Indignation resumed. “And you haven’t considered reporting it!”

“We will, we will, and meanwhile we won’t have harmed it. We figured somebody—a news agency, a scientific institution, whatever—would pay well to be told about it. Contract drawn up beforehand, payment on proof of truthfulness. Same as selling any other information. Information’s really the one universal currency.”

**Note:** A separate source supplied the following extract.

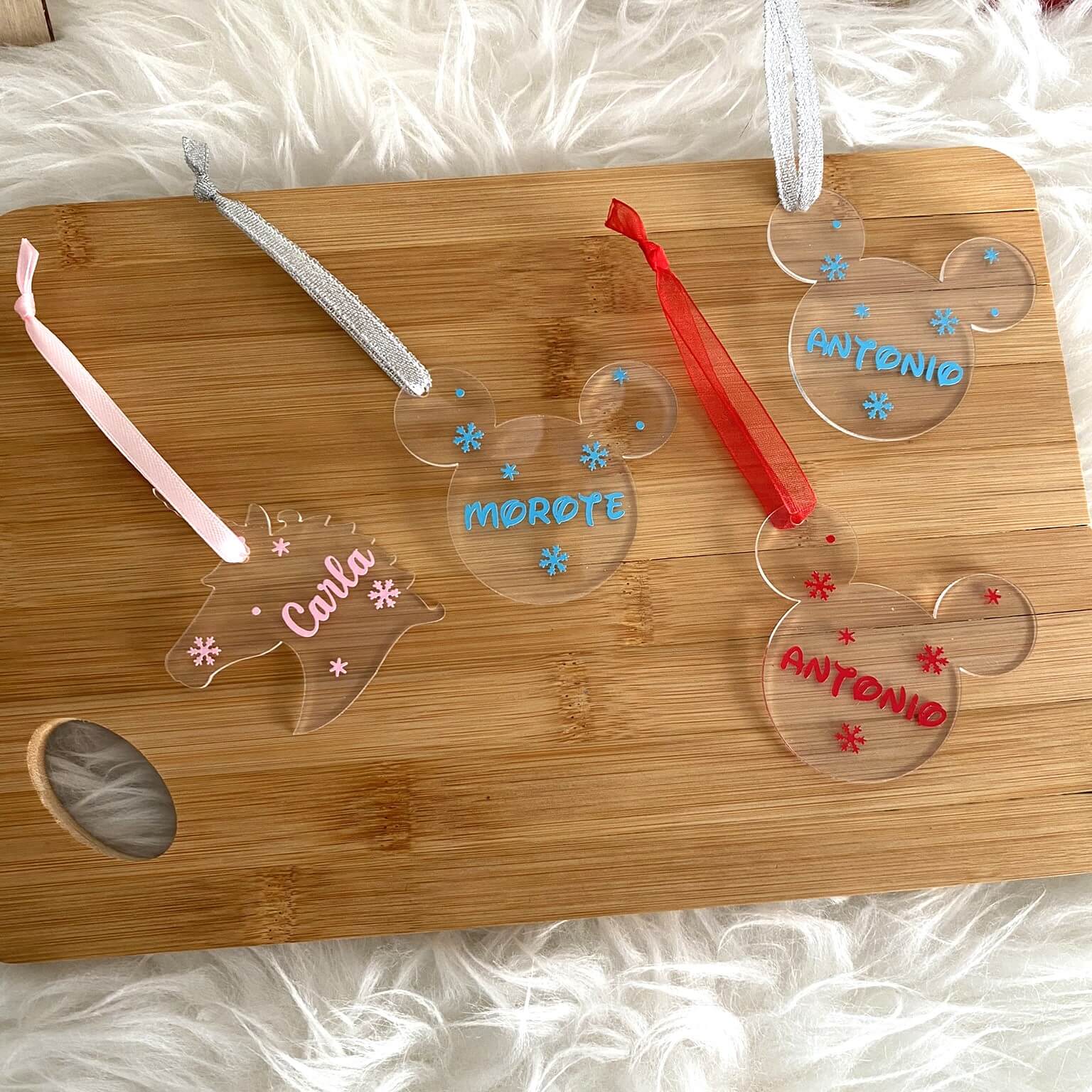 - Adorno de metacrilato transparente en forma de Mickey. Medidas: 8×8 cm aprox

Anger gave way to a certain sympathy. She wished it were not she who must dash his hopes to the ground. “I’m afraid we— can’t keep the secret for you. Not ethically.”

Dzesi snarled.

Hebo shushed her. Astonishingly good-humored, he responded: “Luck of the draw. Can’t win ’em all. Though I do already have a couple of notions about deals that could maybe be made—” He finished his drink. “Hey, let’s knock this off. Stay a while, why don’t you? We’ll help you set up your camp. We’ll show you around. And then you can decide what to tell them at your base, other than that you’re safe and sound and having a good time.”

IV

Dinner became jolly, at any rate for the humans. Hebo kept an excellent larder. He poured the wine with a liberal hand and did most of the talking. Lissa soon had nothing against that, even after it became rather boastful. If half what he told was true, he’d had some fabulous adventures. And he had also absorbed considerable culture. Much of what he quoted or mentioned in passing was unfamiliar to her—who were Machiavelli, Hiroshige, Buxtehude?—but she didn’t think he was making it up. The worlds and histories were simply too manifold.

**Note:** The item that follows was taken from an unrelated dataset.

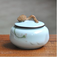 青瓷手绘荷花陶瓷茶叶罐 储物罐 瓷罐 收纳罐

“Yep,” he ended, “we’d’ve been rescued plenty sooner if it hadn’t been for the squabbles back on the satellite.”

“That was a tense situation,” she said. “The rivalry between the Susaians and the Grib—I didn’t know it can get so bitter.”

“Actually, that didn’t cause most of the trouble,” Hebo explained. “Sure, those two breeds don’t get along, and it was a big mistake including several of both in the expedition. But they’re too different for any real, deadly feuding, let alone war. Nope,” he said, turning a bit philosophical, “I don’t expect there’ll ever be an interstellar war. Between species, that is. Inside a species, though—races, religions, tribes, factions—in this case, two Susaian creeds. Not that we humans are saints. We may be the worst of the lot.”

You might almost call him handsome, in a rough-hewn fashion, Lissa thought. “You must have a wide basis for comparison,” she murmured, “with all the roving you’ve done for—how long?”

“I was born about nine hundred years ago, Earth count.”

“What? But that’s amazing!” Minor scars and the like suggested his latest rejuvenation had been about twenty years back, which would put him biologically in his forties. He didn’t look it. “Why have I never heard of you before, at home on Asborg or anywhere else?”